> **INFORMATION SUPPLIED**:
»»

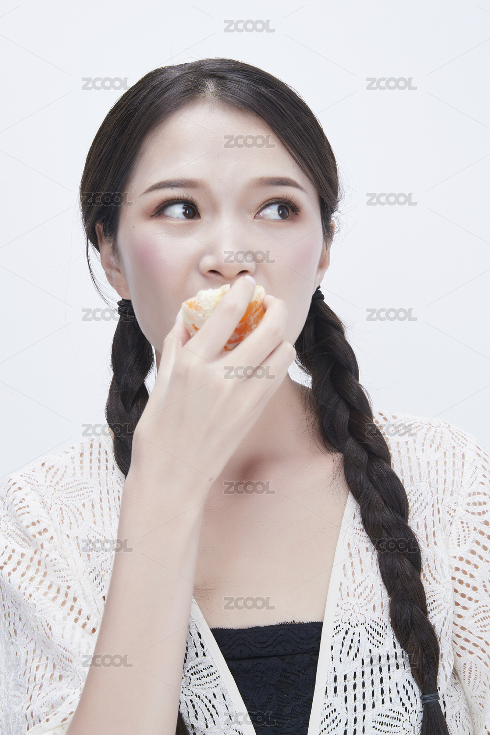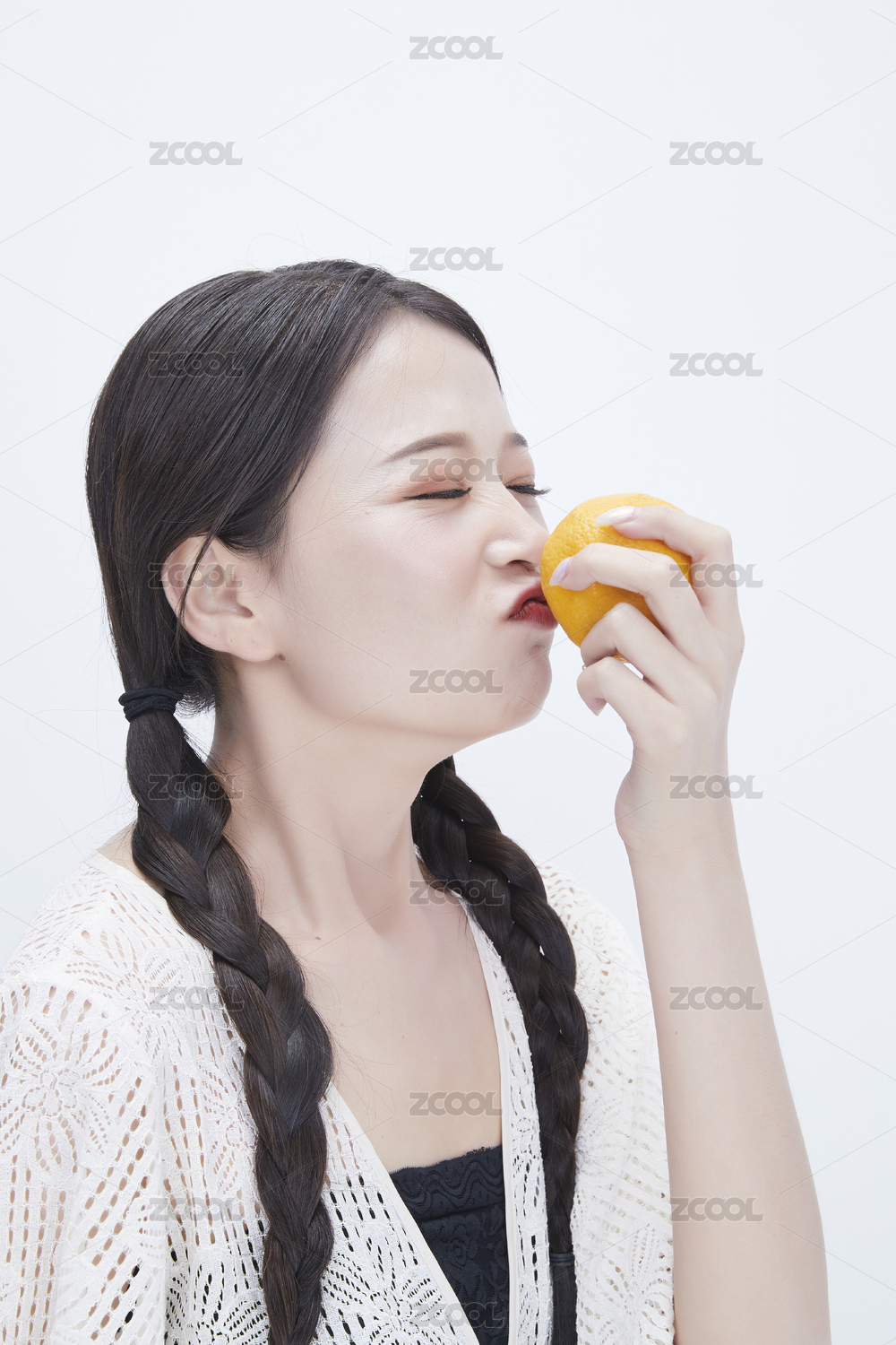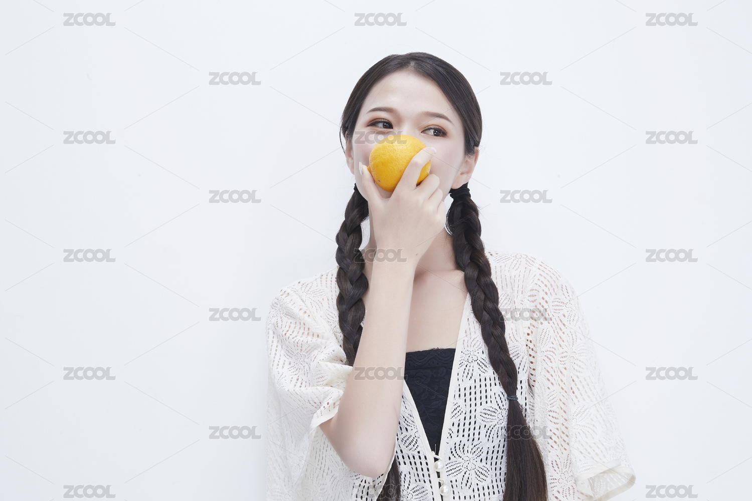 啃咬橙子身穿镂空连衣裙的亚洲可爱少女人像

««
»»

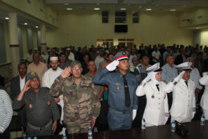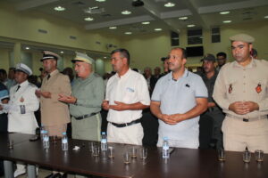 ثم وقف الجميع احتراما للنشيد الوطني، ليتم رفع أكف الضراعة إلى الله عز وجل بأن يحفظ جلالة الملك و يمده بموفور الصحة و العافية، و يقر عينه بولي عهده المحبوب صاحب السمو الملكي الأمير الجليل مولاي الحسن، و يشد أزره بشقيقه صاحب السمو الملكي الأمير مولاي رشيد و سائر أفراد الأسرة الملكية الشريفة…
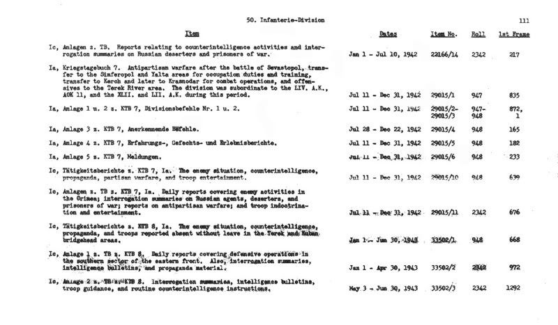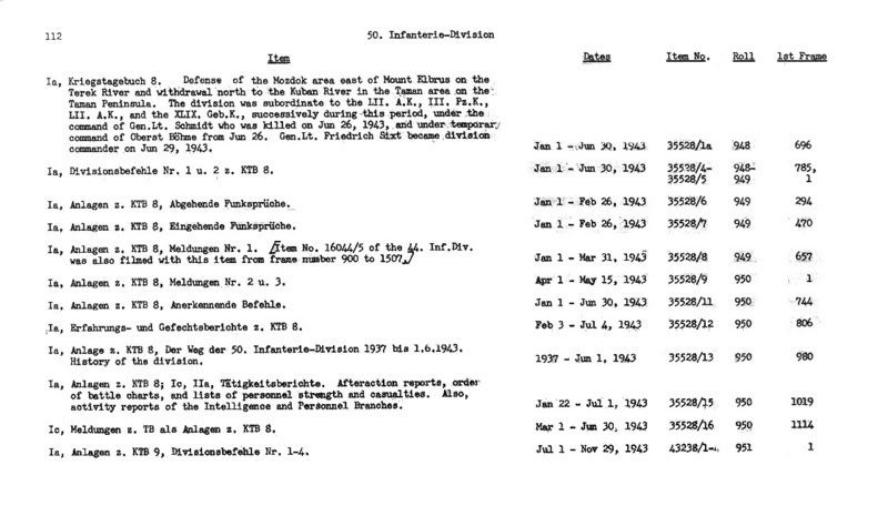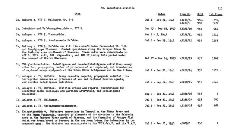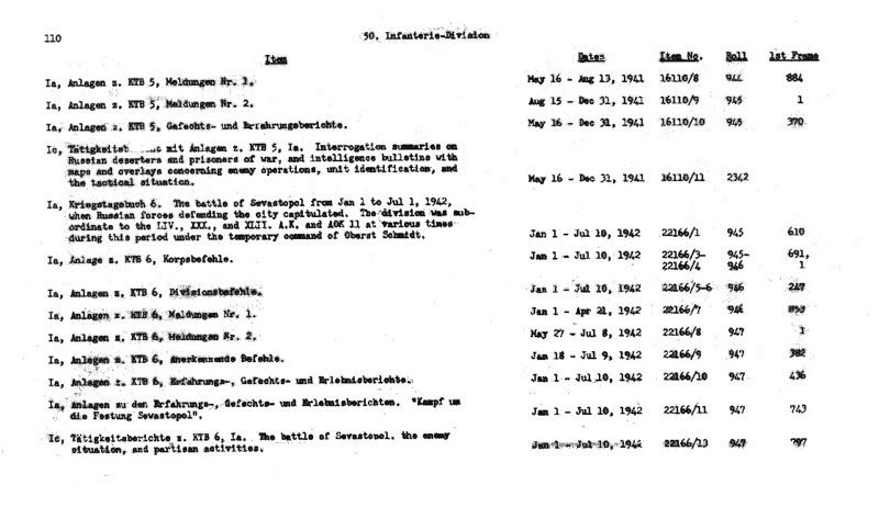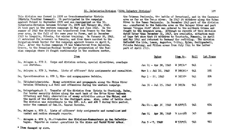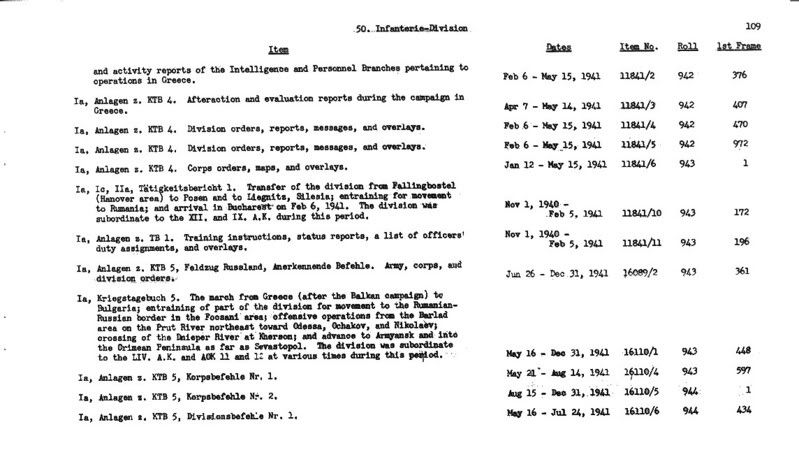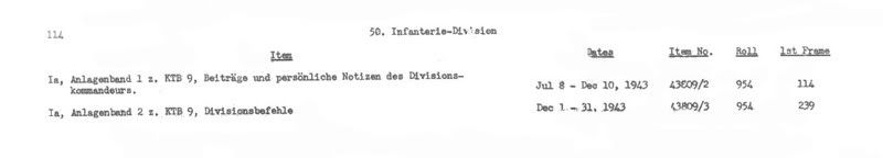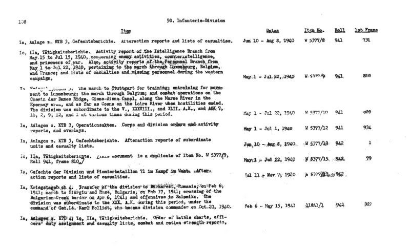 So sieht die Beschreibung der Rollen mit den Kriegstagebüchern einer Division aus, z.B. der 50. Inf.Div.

««

> **YOUR ASSIGNMENT**: Exactly the lines above, from the one containing "ثم وقف الجميع" down to the one containing "So sieht die", are to be repeated, including both ends. Pictures are not part of the copy.

> **REPLY TO THE TASK**:
 ثم وقف الجميع احتراما للنشيد الوطني، ليتم رفع أكف الضراعة إلى الله عز وجل بأن يحفظ جلالة الملك و يمده بموفور الصحة و العافية، و يقر عينه بولي عهده المحبوب صاحب السمو الملكي الأمير الجليل مولاي الحسن، و يشد أزره بشقيقه صاحب السمو الملكي الأمير مولاي رشيد و سائر أفراد الأسرة الملكية الشريفة…
 So sieht die Beschreibung der Rollen mit den Kriegstagebüchern einer Division aus, z.B. der 50. Inf.Div.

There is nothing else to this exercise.